A Cromatografia de Afinidade é uma estratégia de purificação de alta eficiência comumente utilizada, como a Cromatografia Polideoxirribotimidina (Poly(dT)), que remove efetivamente DNA, nucleotídeos, enzimas, componentes do tampão, etc., sem Poli(A), capturando mRNA com Caudas Poli-A, mas não consegue distinguir dsRNA de RNA de Fita Simples (Single Stripe RNA – “ssRNA”). Após a Cromatografia de Afinidade inicial, geralmente há uma segunda etapa cromatográfica, chamada de Polimento, para purificar ainda mais o ssRNA, por exemplo, usando Cromatografia de Troca Aniônica. Às vezes, uma combinação de Cromatografia de Troca Iônica e Cromatografia de Interação Hidrofóbica é usada.
Uma maneira alternativa de separar o mRNA de impurezas menores é usar a TFF com um corte de peso molecular variando de 30 kDa a 300 kDa, o que também permite concentração e Diafiltração na mesma operação unitária.
No processo IVT padrão em modo batelada, o produto de RNA desejado é purificado da mistura de reação após a conclusão da reação, enquanto a polimerase, o molde de pDNA e os trifosfatos de nucleotídeos não reagidos são descartados. No entanto, devido ao alto custo desses componentes da reação IVT, alguns desenvolvedores tentaram usar uma estratégia de transcrição semelhante à de batelada alimentada para a produção de mRNA em larga escala. Durante o processo, o progresso da reação IVT foi monitorado para manter as condições ideais de reação e os componentes são adicionados ao reator conforme necessário. A eficiência na obtenção de produtos de RNA completos intactos, ou a probabilidade de transcritos truncados, depende do controle preciso da sequência de RNA e das condições de reação, e precisa ser otimizada para aumentar o rendimento do processo.
Encapsulamento de mRNA
O RNA é altamente sensível à rápida degradação por ribonucleases onipresentes, exigindo um sistema eficiente que não apenas estabilize o mRNA, mas também o introduza nas células. A incorporação de mRNA no sistema de entrega, acompanhado de combinações selecionadas de vários componentes lipídicos, demonstrou proteger o mRNA da degradação por ribonucleases, aumentar a captação celular e melhorar a tradução do mRNA em células-alvo.

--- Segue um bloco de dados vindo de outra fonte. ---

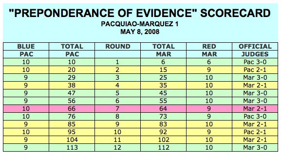 Breaking Down Pacquiao-Marquez I with A "Preponderance of Evidence" Scorecard

Nanopartículas Lipídicas (Lipidic NanoParticles – “LNP”) são o sistema de entrega de mRNA mais comumente utilizado; elas são tipicamente compostas por 4 componentes lipídicos diferentes, incluindo lipídios catiônicos ionizáveis, fosfolipídios auxiliares, colesterol e PoliEtilenoGlicol (PEG)-lipídio. O encapsulamento do mRNA em um complexo lipídico o protege da degradação por ribonucleases, ao mesmo tempo em que o libera eficientemente no citoplasma das células.

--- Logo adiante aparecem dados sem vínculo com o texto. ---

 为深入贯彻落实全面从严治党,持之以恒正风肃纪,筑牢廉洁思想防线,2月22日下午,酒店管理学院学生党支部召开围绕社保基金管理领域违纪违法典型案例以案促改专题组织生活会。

O primeiro passo na preparação de LNP é dissolver os lipídios em um solvente (por exemplo, etanol) e, em seguida, misturar rapidamente os lipídios dissolvidos com um tampão aquoso de baixo pH contendo mRNA, utilizando um misturador de fluxo cruzado ou microfluídico para obter uma LNP que encapsula o mRNA. O controle ideal do canal de mistura e da velocidade é fundamental para obter o tamanho de partícula, a distribuição do tamanho de partícula e a eficiência de encapsulamento necessários. Os complexos mRNA-LNP resultantes foram diafiltrados para substituir o tampão de baixo pH por um tampão neutro. Esta etapa deve ser realizada rapidamente para evitar a degradação lipídica observada em pH baixo. A concentração é então realizada por Ultrafiltração.
As desvantagens das LNPs incluem a possibilidade de exigir logística de cadeia fria. Além disso, devido ao tamanho de partícula da LNP, nem sempre é possível realizar filtração estéril, sendo necessário considerar alternativas, como um Processo de Uso Único Totalmente Fechado.